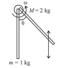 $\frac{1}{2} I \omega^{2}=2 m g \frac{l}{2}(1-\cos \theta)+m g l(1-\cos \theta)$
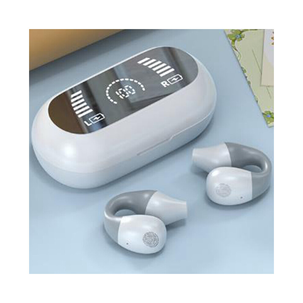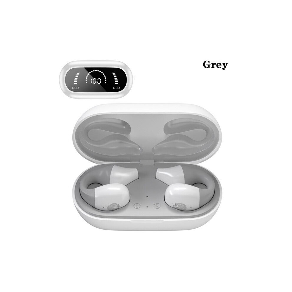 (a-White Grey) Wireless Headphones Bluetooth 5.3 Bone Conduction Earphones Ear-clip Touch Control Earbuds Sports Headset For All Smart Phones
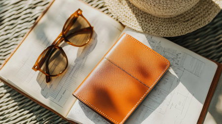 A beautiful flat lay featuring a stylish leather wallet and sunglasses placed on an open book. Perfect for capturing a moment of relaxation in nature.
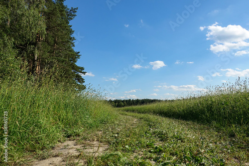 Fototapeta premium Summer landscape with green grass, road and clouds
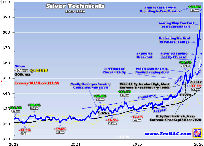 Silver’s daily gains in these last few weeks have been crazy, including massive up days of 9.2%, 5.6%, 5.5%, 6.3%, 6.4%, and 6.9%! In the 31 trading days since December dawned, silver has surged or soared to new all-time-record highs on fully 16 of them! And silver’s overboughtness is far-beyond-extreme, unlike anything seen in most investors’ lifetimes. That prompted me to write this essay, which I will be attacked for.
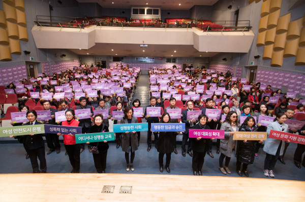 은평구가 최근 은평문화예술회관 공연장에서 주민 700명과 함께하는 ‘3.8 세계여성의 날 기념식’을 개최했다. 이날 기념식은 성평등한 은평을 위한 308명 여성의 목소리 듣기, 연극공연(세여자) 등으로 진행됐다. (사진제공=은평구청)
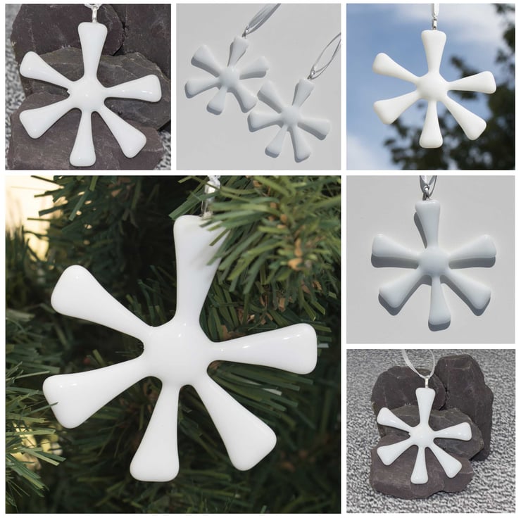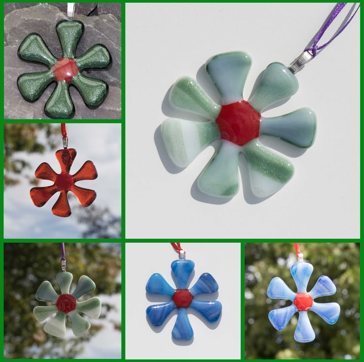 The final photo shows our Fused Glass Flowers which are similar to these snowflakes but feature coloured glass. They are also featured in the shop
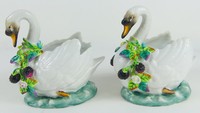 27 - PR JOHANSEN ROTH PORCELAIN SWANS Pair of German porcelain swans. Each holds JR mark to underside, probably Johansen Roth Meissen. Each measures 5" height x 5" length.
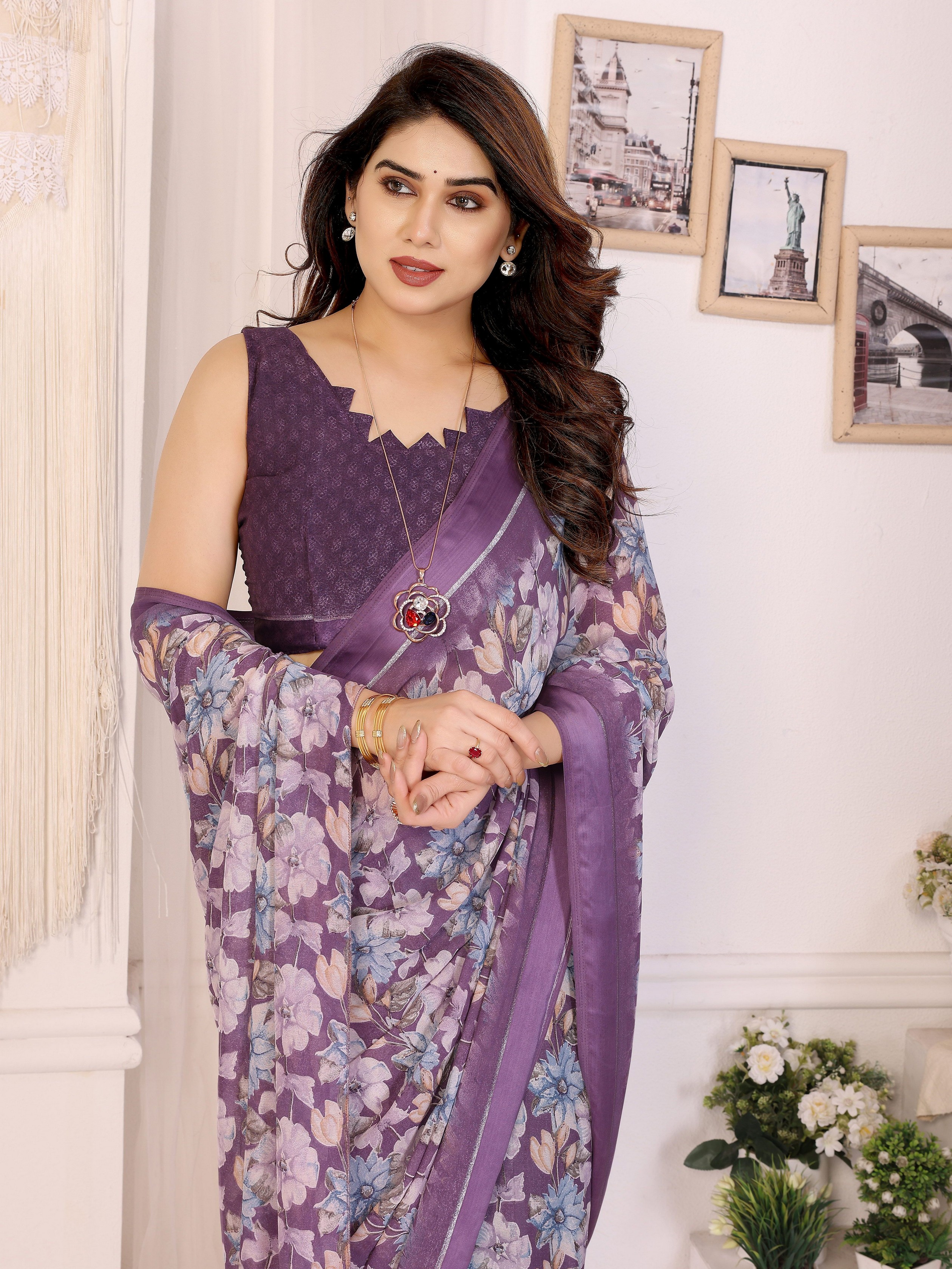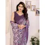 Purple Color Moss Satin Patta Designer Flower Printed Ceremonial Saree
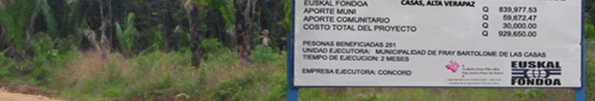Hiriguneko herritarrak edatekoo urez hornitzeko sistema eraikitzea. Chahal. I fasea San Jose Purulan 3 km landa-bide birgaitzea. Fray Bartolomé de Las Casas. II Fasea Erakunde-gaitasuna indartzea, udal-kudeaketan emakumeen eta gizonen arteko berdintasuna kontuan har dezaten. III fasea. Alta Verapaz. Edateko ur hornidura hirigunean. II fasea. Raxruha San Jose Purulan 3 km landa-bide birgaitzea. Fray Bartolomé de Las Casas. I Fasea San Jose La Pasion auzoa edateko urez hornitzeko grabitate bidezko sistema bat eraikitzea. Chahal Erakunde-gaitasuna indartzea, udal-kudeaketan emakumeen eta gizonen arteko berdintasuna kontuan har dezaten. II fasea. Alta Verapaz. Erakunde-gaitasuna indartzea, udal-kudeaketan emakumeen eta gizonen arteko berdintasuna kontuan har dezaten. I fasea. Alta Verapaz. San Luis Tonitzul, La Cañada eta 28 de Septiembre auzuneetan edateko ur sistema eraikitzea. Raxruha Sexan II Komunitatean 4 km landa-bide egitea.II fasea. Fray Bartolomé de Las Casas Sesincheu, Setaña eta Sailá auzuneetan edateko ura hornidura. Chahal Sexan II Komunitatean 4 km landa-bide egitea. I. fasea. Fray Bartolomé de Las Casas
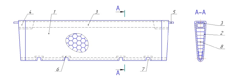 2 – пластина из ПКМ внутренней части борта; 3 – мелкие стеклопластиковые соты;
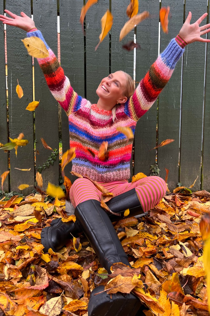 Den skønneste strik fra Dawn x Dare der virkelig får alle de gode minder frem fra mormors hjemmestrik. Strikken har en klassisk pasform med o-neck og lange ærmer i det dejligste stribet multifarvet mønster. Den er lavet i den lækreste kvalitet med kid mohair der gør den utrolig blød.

--------------------------------------------------

Copy all of the data word for word, and keep the pictures out of it.

> _Response to the exercise_:
 $\frac{1}{2} I \omega^{2}=2 m g \frac{l}{2}(1-\cos \theta)+m g l(1-\cos \theta)$
 (a-White Grey) Wireless Headphones Bluetooth 5.3 Bone Conduction Earphones Ear-clip Touch Control Earbuds Sports Headset For All Smart Phones
 A beautiful flat lay featuring a stylish leather wallet and sunglasses placed on an open book. Perfect for capturing a moment of relaxation in nature.
 Fototapeta premium Summer landscape with green grass, road and clouds
 Silver’s daily gains in these last few weeks have been crazy, including massive up days of 9.2%, 5.6%, 5.5%, 6.3%, 6.4%, and 6.9%! In the 31 trading days since December dawned, silver has surged or soared to new all-time-record highs on fully 16 of them! And silver’s overboughtness is far-beyond-extreme, unlike anything seen in most investors’ lifetimes. That prompted me to write this essay, which I will be attacked for.
 은평구가 최근 은평문화예술회관 공연장에서 주민 700명과 함께하는 ‘3.8 세계여성의 날 기념식’을 개최했다. 이날 기념식은 성평등한 은평을 위한 308명 여성의 목소리 듣기, 연극공연(세여자) 등으로 진행됐다. (사진제공=은평구청)
 The final photo shows our Fused Glass Flowers which are similar to these snowflakes but feature coloured glass. They are also featured in the shop
 27 - PR JOHANSEN ROTH PORCELAIN SWANS Pair of German porcelain swans. Each holds JR mark to underside, probably Johansen Roth Meissen. Each measures 5" height x 5" length.
 Purple Color Moss Satin Patta Designer Flower Printed Ceremonial Saree
Hiriguneko herritarrak edatekoo urez hornitzeko sistema eraikitzea. Chahal. I fasea San Jose Purulan 3 km landa-bide birgaitzea. Fray Bartolomé de Las Casas. II Fasea Erakunde-gaitasuna indartzea, udal-kudeaketan emakumeen eta gizonen arteko berdintasuna kontuan har dezaten. III fasea. Alta Verapaz. Edateko ur hornidura hirigunean. II fasea. Raxruha San Jose Purulan 3 km landa-bide birgaitzea. Fray Bartolomé de Las Casas. I Fasea San Jose La Pasion auzoa edateko urez hornitzeko grabitate bidezko sistema bat eraikitzea. Chahal Erakunde-gaitasuna indartzea, udal-kudeaketan emakumeen eta gizonen arteko berdintasuna kontuan har dezaten. II fasea. Alta Verapaz. Erakunde-gaitasuna indartzea, udal-kudeaketan emakumeen eta gizonen arteko berdintasuna kontuan har dezaten. I fasea. Alta Verapaz. San Luis Tonitzul, La Cañada eta 28 de Septiembre auzuneetan edateko ur sistema eraikitzea. Raxruha Sexan II Komunitatean 4 km landa-bide egitea.II fasea. Fray Bartolomé de Las Casas Sesincheu, Setaña eta Sailá auzuneetan edateko ura hornidura. Chahal Sexan II Komunitatean 4 km landa-bide egitea. I. fasea. Fray Bartolomé de Las Casas
 2 – пластина из ПКМ внутренней части борта; 3 – мелкие стеклопластиковые соты;
 Den skønneste strik fra Dawn x Dare der virkelig får alle de gode minder frem fra mormors hjemmestrik. Strikken har en klassisk pasform med o-neck og lange ærmer i det dejligste stribet multifarvet mønster. Den er lavet i den lækreste kvalitet med kid mohair der gør den utrolig blød.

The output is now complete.